ПАУКИ И КУРИЛЬЩИКИ

Они поднимались по склону. Их было четверо, они шли один за другим. Склон был крутой и сыпучий, их запыленные ботинки уходили в песок, тела устало покачивались. На них были каски, обтянутые мешковиной, кое-где поистертой, порой изодранной в клочья; на них была вытертая добела солдатская роба, но и она уже местами потемнела от пота: на груди и на спинах солдат, между лопаток, проступили ядовитые грязные пятна. Вот так они шли, друг за другом, все четверо. Позади них — от хрупких голубоватых вершин только-только оторвался диск солнца. Он был угрожающе красным — и все сильней распалялся, сверкая утренним светом; он набирал силу.

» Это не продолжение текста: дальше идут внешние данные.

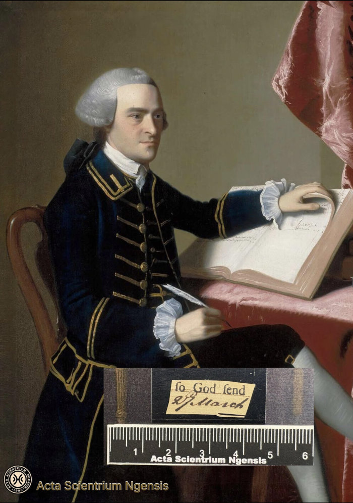 約翰•漢考克 (1737-1793) (John Hancock) 〔WP?? march〕(剪片)。 圖片來源: 延陵科學綜合室藏 第一屆大陸議會議長(1775-1777)約翰•漢考克(1737-1793) (John Hancock) 獨立宣言首位簽署人 約翰•漢考克 (John Hancock,1737年–1793年) 是美國著名的商人、革命家與政治家,也是美國獨立的重要人物之一,漢考克出生於麻薩諸塞州的一個富裕家庭,後承繼叔叔的商業帝國,成為北美十三州最富有的人之一,他積極參與反英運動,是波士頓革命領袖,並因其財富資助了美國獨立運動。1775年至1777年,擔任美國大陸會議主席;1780年至1785年以及1787年至1793年,兩度出任麻薩諸塞州州長。他以在《美國獨立宣言》上華麗且醒目的簽名著稱,美國用「John Hancock」代指親筆簽名。晚年運用影響力,促使麻薩諸塞州批准《美國憲法》,確保新生美國的穩定。

Впереди шел сержант, худой и высокий парень. Он нес на плечах пулемет: длинную металлическую корягу. Это был довольно тяжелый, семимиллиметровый, станковый пулемет, штатное вооружение БРДМа. Его-то и нес на себе длиннолицый сержант. Он поднимался в гору, словно распятый, ухватившись руками за одну из рукояток пулемета и ствол, — склон был крутой и сыпучий, — сержант то и дело сбивался, терял равновесие, но упорно вел за собой остальных; он шел, ни на секунду не выпуская из вида вершину, все смотрел на нее исподлобья, рискуя острием подбородка проломить себе грудь. Следом шел невысокий и коренастый солдат, лицо его было гораздо темнее: черные брови сходились на переносице, выделялись особенно скулы; были даже усы, скорее — их признаки: жесткие ростки обнесли верхний край растянутого от напряжения рта; глаза были карие, злые... Коренастый солдат шел упругой походкой, свесив к коленям свои сильные руки, иногда останавливался и окликами подгонял остальных. Те двое все отставали. Шедший третьим, нескладный и щуплый солдатик, правда, то и дело порывался нагнать, припускаясь короткими перебежками. Но две тяжелые коробки с патронами к пулемету связывали его по рукам: он бился об коробки коленками, спотыкался, едва не падая в рыхлый песок; изо всех сил он старался поспеть за сержантом. Самый последний солдат не пытался прибавить шагу. Ничего он не нес, кроме своей амуниции, и отстал уже метров на десять. Он был худ страшно, высок, с лицом темным и желтым, таким узким, что рот глубокой размашистой прорезью напрочь отчеркивал нижнюю часть лица; подбородок, казалось, вот-вот отвалится и упадет к ногам, когда солдат тащился с опущенной головой, и со стороны фигура его походила скорее на переломанную пополам доску... Вот так они шли, поднимались по склону, все четверо; солнце медленно тянулось к зениту, они уходили от солнца.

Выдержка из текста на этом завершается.